Wednesday, June 17, 2026

Review: A Gentleman's Murder

A Gentleman's Murder A Gentleman's Murder by Christopher Huang
My rating: 4 of 5 stars

The library had the sequel to this book on display since it was published in the last month or two, and I was able to order not only the two Eric Peterkin mysteries, but also Huang's other standalone story as well. However, as Huang's first book, this is the one I read first, the debut of Eric Peterkin - a unique kind of amateur detective in the Golden Age of mysteries, late of the British military from the days of the Great War, hailing from a long line of English soldiers while also carrying the legacy of his Chinese mother - and naturally, strongly disliking the open anti-Asian racist sentiments of the time. 

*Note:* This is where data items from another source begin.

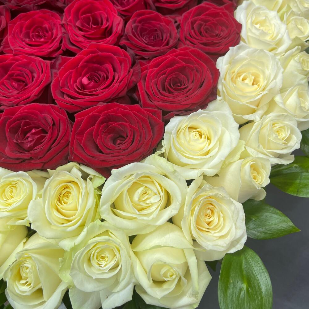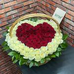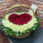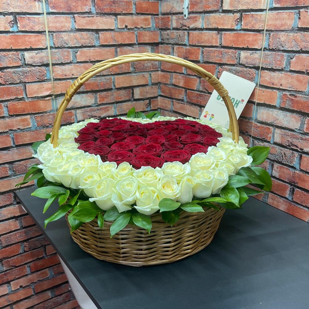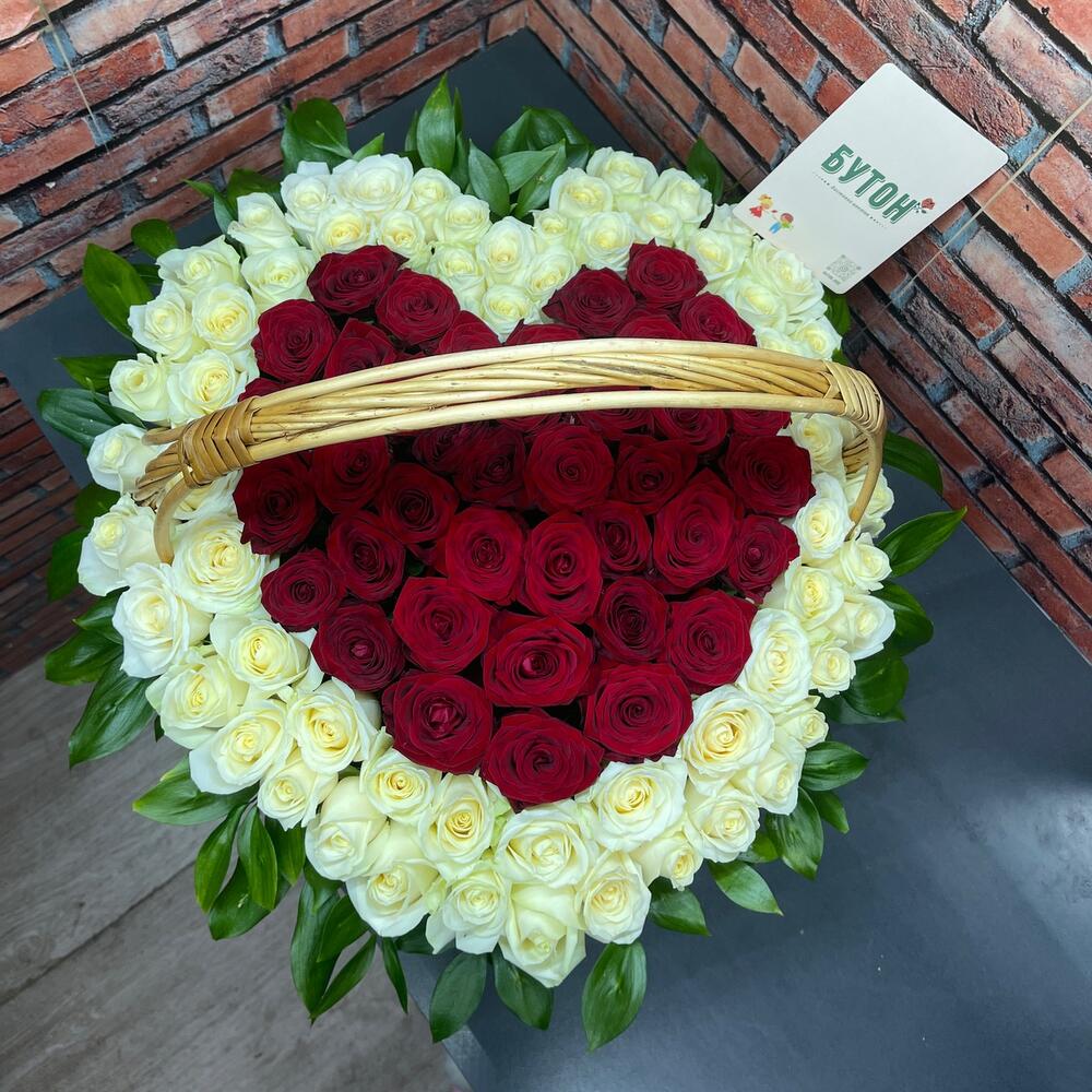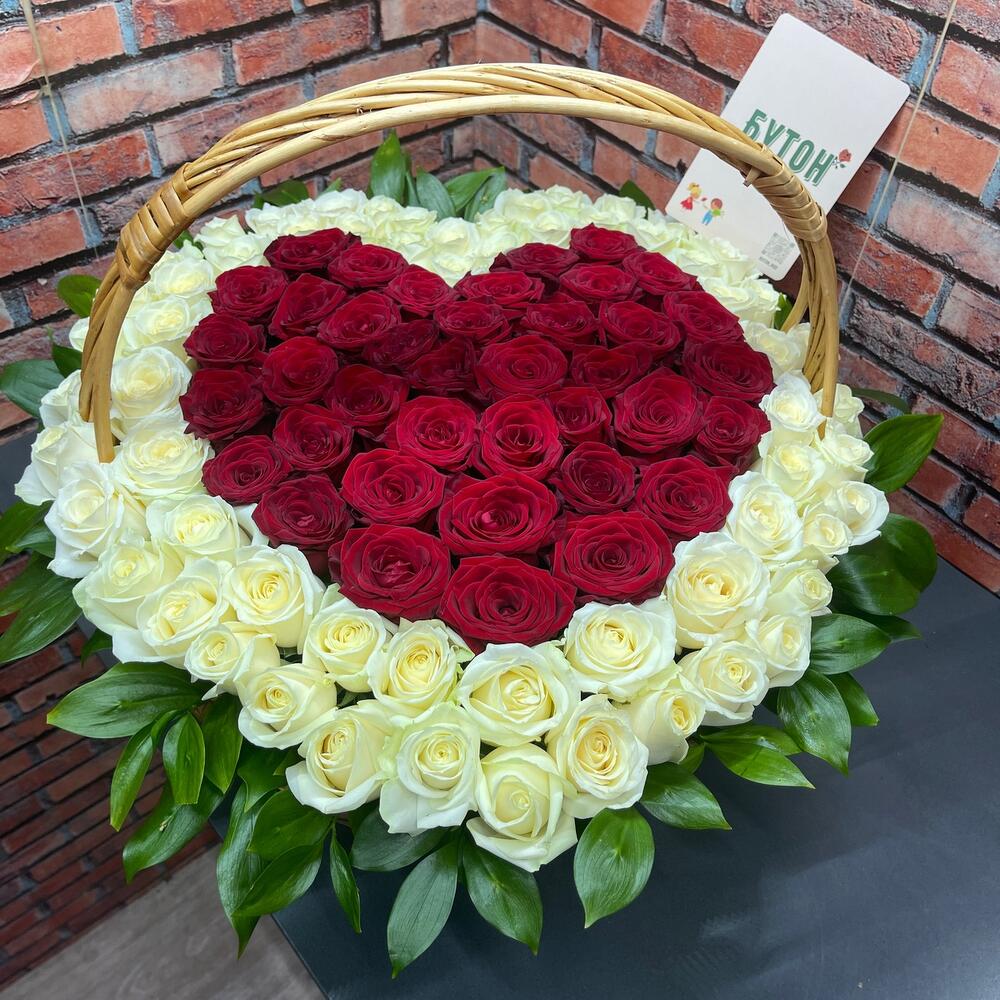 Рускус - 1 шт. Роза - 101 шт. Корзина плетеная - 1 шт. Губка флористическая - 1 шт.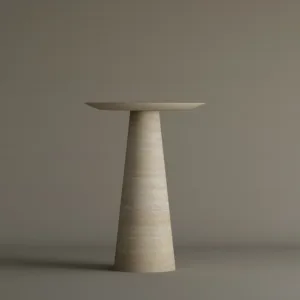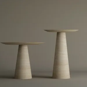 Elevate your living sanctuary with the Roman Pedestal Travertine Side Table Set, a pair of sculptural masterworks that balance ancient architectural motifs with a sleek, contemporary silhouette. These tables are meticulously carved from solid, high grade travertine, showcasing a warm, sandy palette and characteristic organic pits that make every piece a unique geological treasure. The set features two tables of varying heights, each defined by a clean circular top supported by a substantial, tapered monolithic pedestal base, creating an atmosphere of rhythmic elegance and grounded permanence in any lounge suite.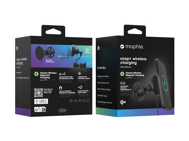 mophie snap+ - Trådløs ladeholder for bil - magnetisk, ventilasjonsfeste + AC-strømadapter - 15 watt 401313369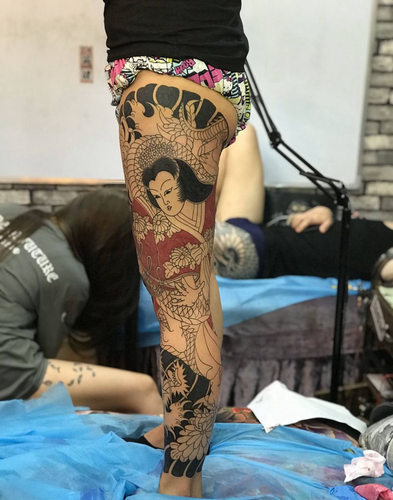 • T网红王老大花腿龙纹身图片_腿部新传统纹身图案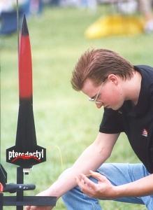 Use an F motor for slow, graceful flights or pack it with a G motor for real excitement. We’ve even flown the Tiny Pterodactyl on an H-238 and amazed the crowd with a neck-snapping transonic flight!** Nose weight was added to keep the CG forward of the CP during this flight. Some rocketeers like to keep two nosecones on hand: one weighted for higher power motors and a standard one for lower power flights.

Interestingly, in his lengthy author's note at the end, Huang brings up the ten rules of Ronald Knox and gives a much more charitable interpretation of Rule #5 - having first heard about these rules from Benjamin Stevenson's Everyone in My Family Has Killed Someone, where Stevenson refused to even quote that rule due to its use of a term seen today as an unacceptable ethnic slur, I assumed that Knox must have had racist intent in that particular rule. Huang, however, asserts that Knox's rule was specifically written to challenge the prevalent anti-Asian stereotypes of the time, and having read this novel and its sharp critiques of 1920s race relations, I think I understand exactly where he's coming from.